Since the matrix is not square, the question does not apply.

$\square$  The null space of the matrix. The set of vectors used in the span construction is a linearly independent set of column vectors that spans the null space of the matrix (Theorem SSNS, Theorem BNS).
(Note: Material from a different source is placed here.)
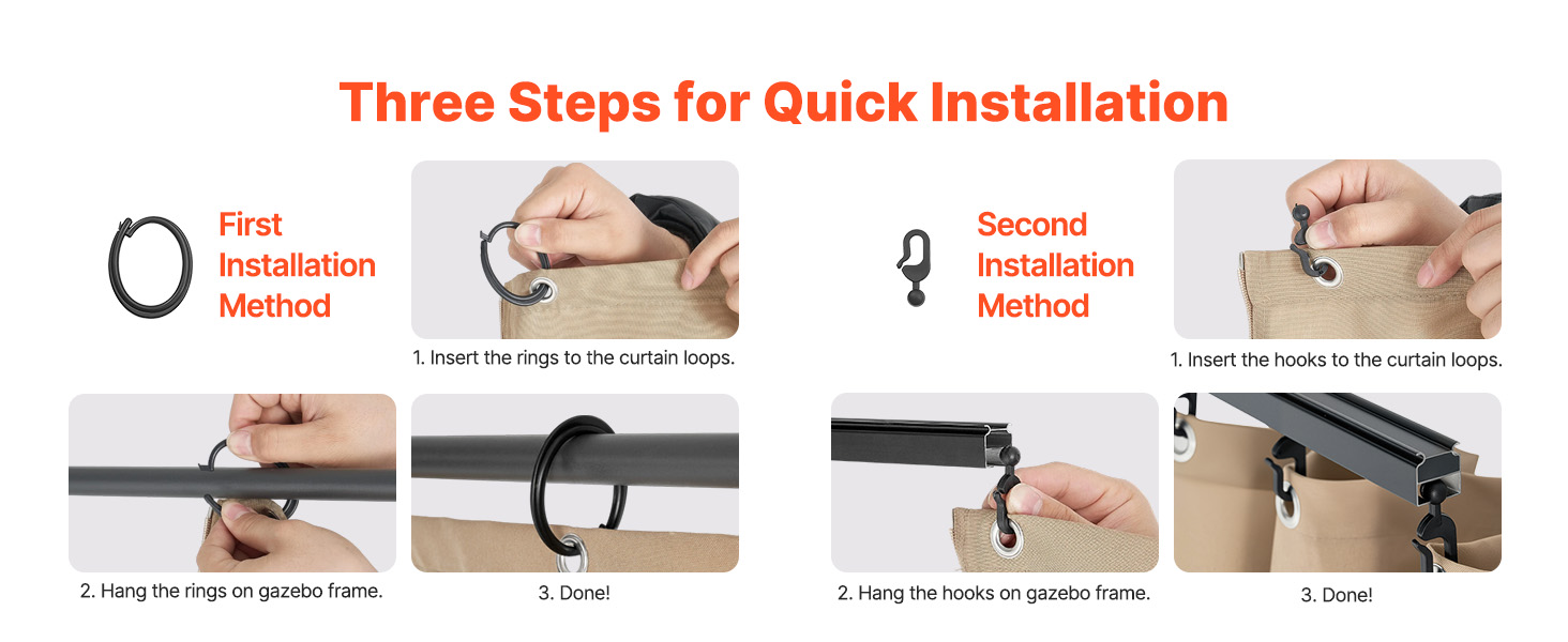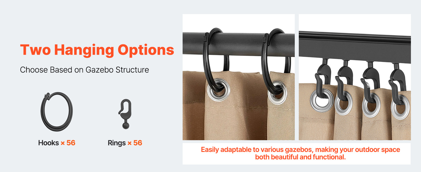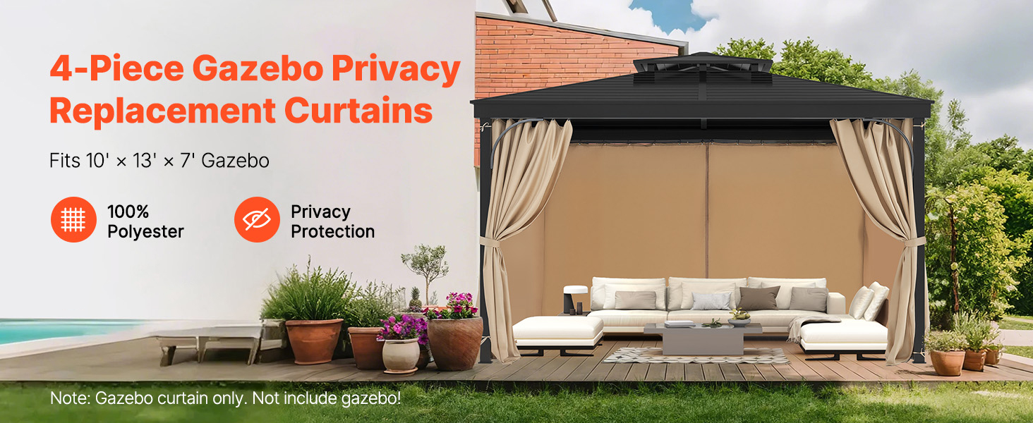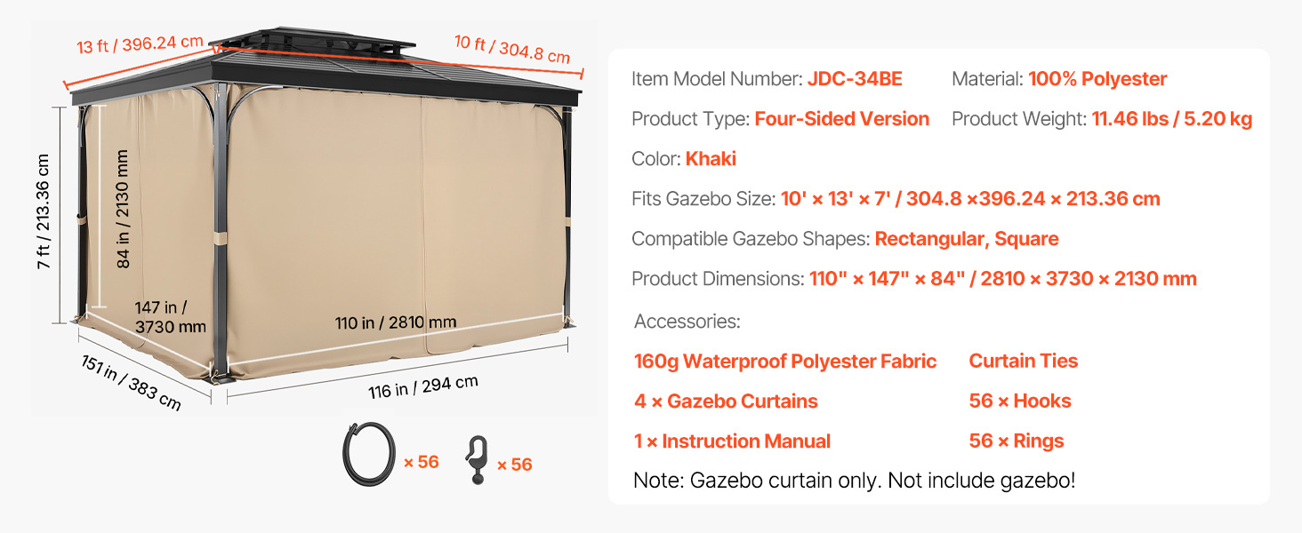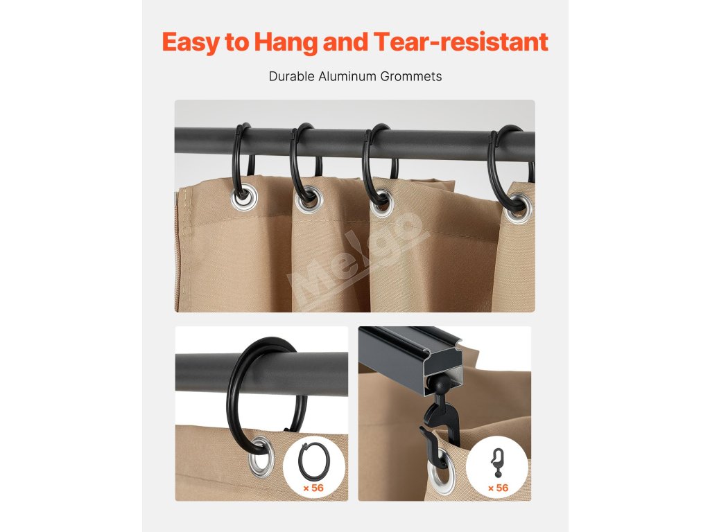 Tento záves na altánok je určený pre altánky s rozmermi 10' x 13' x 7' a je vyrobený z nepremokavého 100 % polyesteru s gramážou 160 g/m2, ktorý poskytuje ochranu pred slnkom. Obojstranný zips umožňuje jednoduché nastavenie, zatiaľ čo hliníkové priechodky a trojdielna väzba zabezpečujú rýchlu inštaláciu a stabilnú oporu pre optimálne súkromie.

Solve a homogenous system with this matrix as the coefficient matrix and write the solutions in vector form (Theorem VFSLS) to see these vectors arise. Compare the entries of these vectors for indices in $D$ versus entries for indices in $F$.\begin{align*}\spn{\set{ \colvector{-2\\1\\0\\0\\0\\0\\0\\0\\0},\, \colvector{-5\\0\\2\\1\\0\\0\\0\\0\\0},\, \colvector{-1\\0\\-3\\0\\-1\\0\\1\\0\\0},\, \colvector{2\\0\\-5\\0\\-1\\2\\0\\1\\0},\, \colvector{-3\\0\\6\\0\\1\\3\\0\\0\\1} } }\end{align*}

$\square$  The column space of the matrix, expressed as the span of a set of linearly independent vectors that are also columns of the matrix. These columns have indices that form the set $D$ above (Theorem BCS).\begin{align*}\spn{\set{\colvector{1\\2\\1\\2\\1\\-3},\,\colvector{-2\\3\\1\\3\\0\\-1},\,\colvector{3\\-1\\1\\-7\\2\\2},\,\colvector{-5\\4\\1\\2\\-4\\-5}} }\end{align*}

$\square$  The column space of the matrix, as it arises from the extended echelon form of the matrix. The matrix $L$ is computed as described in Definition EEF. This is followed by the column space described as the span of a set of linearly independent vectors that equals the null space of $L$, computed as according to Theorem FS and Theorem BNS. When $r=m$, the matrix $L$ has no rows and the column space is all of $\complex{m}$.\begin{align*}L&=\begin{bmatrix}1&0&\frac{186}{131}&\frac{51}{131}&-\frac{188}{131}&\frac{77}{131}\\0&1&-\frac{272}{131}&-\frac{45}{131}&\frac{58}{131}&-\frac{14}{131}\end{bmatrix}\end{align*}\begin{align*}\spn{\set{ \colvector{-\frac{77}{131}\\\frac{14}{131}\\0\\0\\0\\1},\, \colvector{\frac{188}{131}\\-\frac{58}{131}\\0\\0\\1\\0},\, \colvector{-\frac{51}{131}\\\frac{45}{131}\\0\\1\\0\\0},\, \colvector{-\frac{186}{131}\\\frac{272}{131}\\1\\0\\0\\0} } }\end{align*}

$\square$  The column space of the matrix, expressed as the span of a set of linearly independent vectors. These vectors are computed by bringing the transpose of the matrix into reduced row-echelon form, tossing out the zero rows, and writing the remaining nonzero rows as column vectors. By Theorem CSRST and Theorem BRS, and in the style of Example CSROI, this yields a linearly independent set of vectors that span the column space.\begin{align*}\spn{\set{\colvector{1\\0\\0\\0\\-1\\-\frac{29}{7}},\,\colvector{0\\1\\0\\0\\-\frac{11}{2}\\-\frac{94}{7}},\,\colvector{0\\0\\1\\0\\10\\22},\,\colvector{0\\0\\0\\1\\\frac{3}{2}\\3}} }\end{align*}

$\square$  Row space of the matrix, expressed as a span of a set of linearly independent vectors, obtained from the nonzero rows of the row-equivalent matrix in reduced row-echelon form. (Theorem BRS)\begin{align*}\spn{\set{\colvector{1\\2\\0\\5\\0\\0\\1\\-2\\3},\,\colvector{0\\0\\1\\-2\\0\\0\\3\\5\\-6},\, \colvector{0\\0\\0\\0\\1\\0\\1\\1\\-1},\,\colvector{0\\0\\0\\0\\0\\1\\0\\-2\\-3}} }\end{align*}

$\square$  Subspace dimensions associated with the matrix (Definition ROM, Definition NOM). Verify Theorem RPNC.\begin{align*}\text{Rank: }4&&\text{Nullity: }5&&\text{Matrix columns: }9&\end{align*}

$\square$  Determinant of the matrix. The matrix is nonsingular if and only if the determinant is nonzero (Theorem SMZD).The determinant is not defined for matrices that are not square.